Re: [RFC PATCH] kvm,x86: Exit to user space in case of page fault error

From: Vivek Goyal
Date: Tue Jun 30 2020 - 14:26:36 EST


On Tue, Jun 30, 2020 at 05:43:54PM +0200, Vitaly Kuznetsov wrote:
> Vivek Goyal <vgoyal@xxxxxxxxxx> writes:
>
> > On Tue, Jun 30, 2020 at 05:13:54PM +0200, Vitaly Kuznetsov wrote:
> >>
> >> > - If you retry in kernel, we will change the context completely that
> >> > who was trying to access the gfn in question. We want to retain
> >> > the real context and retain information who was trying to access
> >> > gfn in question.
> >>
> >> (Just so I understand the idea better) does the guest context matter to
> >> the host? Or, more specifically, are we going to do anything besides
> >> get_user_pages() which will actually analyze who triggered the access
> >> *in the guest*?
> >
> > When we exit to user space, qemu prints bunch of register state. I am
> > wondering what does that state represent. Does some of that traces
> > back to the process which was trying to access that hva? I don't
> > know.
>
> We can get the full CPU state when the fault happens if we need to but
> generally we are not analyzing it. I can imagine looking at CPL, for
> example, but trying to distinguish guest's 'process A' from 'process B'
> may not be simple.
>
> >
> > I think keeping a cache of error gfns might not be too bad from
> > implemetation point of view. I will give it a try and see how
> > bad does it look.
>
> Right; I'm only worried about the fact that every cache (or hash) has a
> limited size and under certain curcumstances we may overflow it. When an
> overflow happens, we will follow the APF path again and this can go over
> and over.

Sure. But what are the chances of that happening. Say our cache size is
64. That means we need atleast 128 processes to do co-ordinated faults
(all in error zone) to skip the cache completely all the time. We
have to hit cache only once. Chances of missing the error gnf
cache completely for a very long time are very slim. And if we miss
it few times, now harm done. We will just spin few times and then
exit to qemu.

IOW, chances of spinning infinitely are not zero. But they look so
small that in practice I am not worried about it.

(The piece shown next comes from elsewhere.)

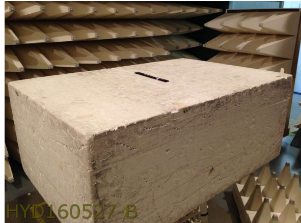
15.209 – Radiated Emissions above 1GHz

> Maybe we can punch a hole in EPT/NPT making the PFN reserved/
> not-present so when the guest tries to access it again we trap the
> access in KVM and, if the error persists, don't follow the APF path?

Cache solution seems simpler than this. Trying to maintain any state
in page tables will be invariably more complex (Especially given
many flavors of paging).

I can start looking in this direction if you really think that its worth
implementing page table based solution for this problem. I feel that
we implement something simpler for now and if there are easy ways
to skip error gns, then replace it with something page table based
solution (This will only require hypervisor change and no guest
changes).

Vivek